Recent data shows the magnitude of the issue:

  • Unrealized losses on investment securities for banks jumped to $517 billion in Q1/24. This is $39 billion higher than the $478 billion recorded in Q4/23.
  • The surge was driven by higher residential mortgage-backed securities losses held by banks due to rising mortgage rates.
  • Q1/24 also marked the 10th consecutive quarter of unrealized losses, an even longer streak than during the 2008 financial crisis.
  • Keep in mind, transparency into the real HTM exposure of all investments and assets is often somewhat opaque.
  • As “higher for longer” becomes the norm, unrealized losses are likely to continue rising.

Is the doomsday? Of course not. Despite the scary outcome of this singular measure if banks were to mark these assets to market, most banks are very well capitalized to ride out any scenario that doesn’t include panic. The offsetting liabilities to these assets (principally deposits) are quite strong across the system. With somewhere north of $17T in deposits across the system at a cost of around 3% (or lower) and Fed Funds at 5.5%, the banking system is also sitting on unrealized gains substantial enough to weather most any storm. 

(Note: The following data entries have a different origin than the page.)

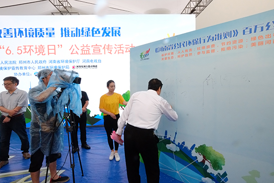 十一位領導共同啟動了“《河南省公民環(huán)保行為準則》百萬公民電子簽名墻”正式上線儀式,并在《河南省公民環(huán)保行為準則》百萬公民簽名墻上,簽下自己的名字,成為首批在“百萬公民簽名墻”上簽字的環(huán)保志愿者!
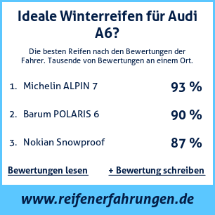 Tests, Bewertungen und Meinungen zu Winter Reifen für Audi A6. Die von unseren Nutzern am häufigsten verwendeten Reifengrößen für dieses Fahrzeug sind 225 45 R17, 245 40 R18, 245 45 R18, 255 35 R19, 225 50 R17. Mit dieser Übersicht an Bewertungen zu Winter Reifen für Audi A6 von anderen Autofahrern, versuchen wir Ihnen möglichst objektive Informationen zur Verfügung zu stellen, damit Sie Winter Reifen wählen können. Je mehr Bewertungen, desto genauer und glaubwürdiger ist die Meinung. Wir legen großen Wert darauf, die Bewertungen so objektiv wie möglich zu gestalten.
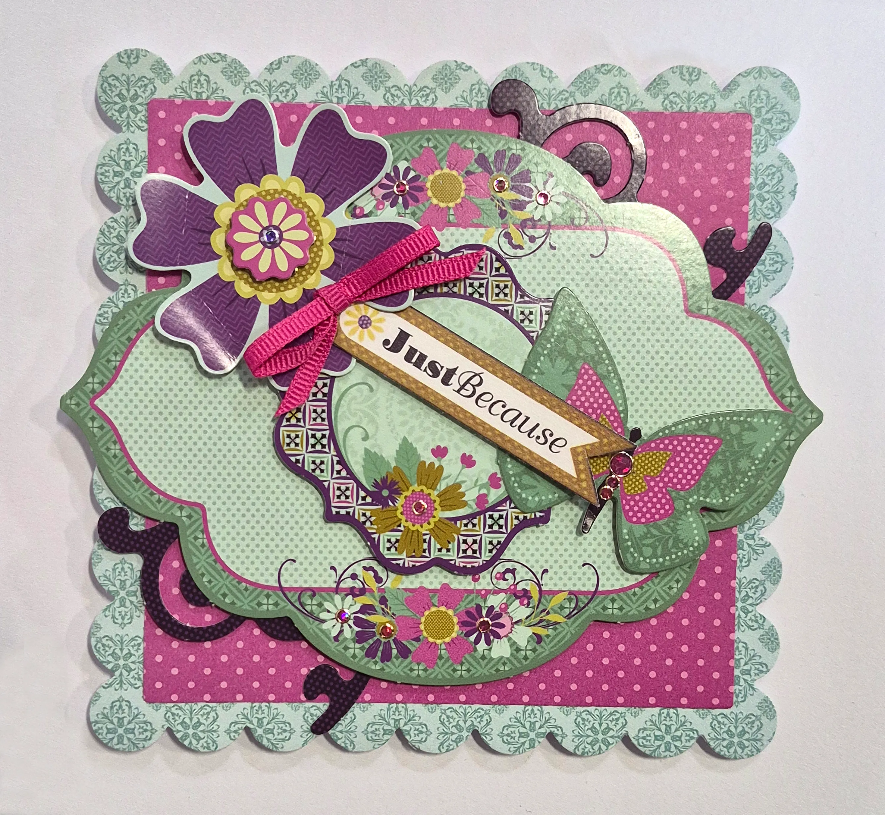 Foam tape the large ornate die-cut in the center. Foam tape smaller ornate die-cut in the center. Foam tape a purple flower to the upper left corner with a pink small circle die-cut in the middle. Cut out and foam tape “Just Because” tag into the flower petals. Foam tape the butterfly die-cut on the left and place on the lower right corner.

But that’s the “system”. Are ALL banks positioned well for this? Are ALL banks well capitalized enough to continue lending at levels that meet the market’s capital demands while the long, slow grind of “higher for longer” rate-driven HTM positions find their maturities? Markets work on credit and confidence and if your solvency is publicly challenged (i.e. Peter Thiel’s open concerns about SVB in part sparking a bank run), the strength of those deposits as offsetting liabilities is only as good as how sticky they are. And if they run, fast, trouble ensues.

As these issues create a void in the market’s capital needs, it might be time to seriously consider private credit or alternative capital providers for credit needs outside of the revolver.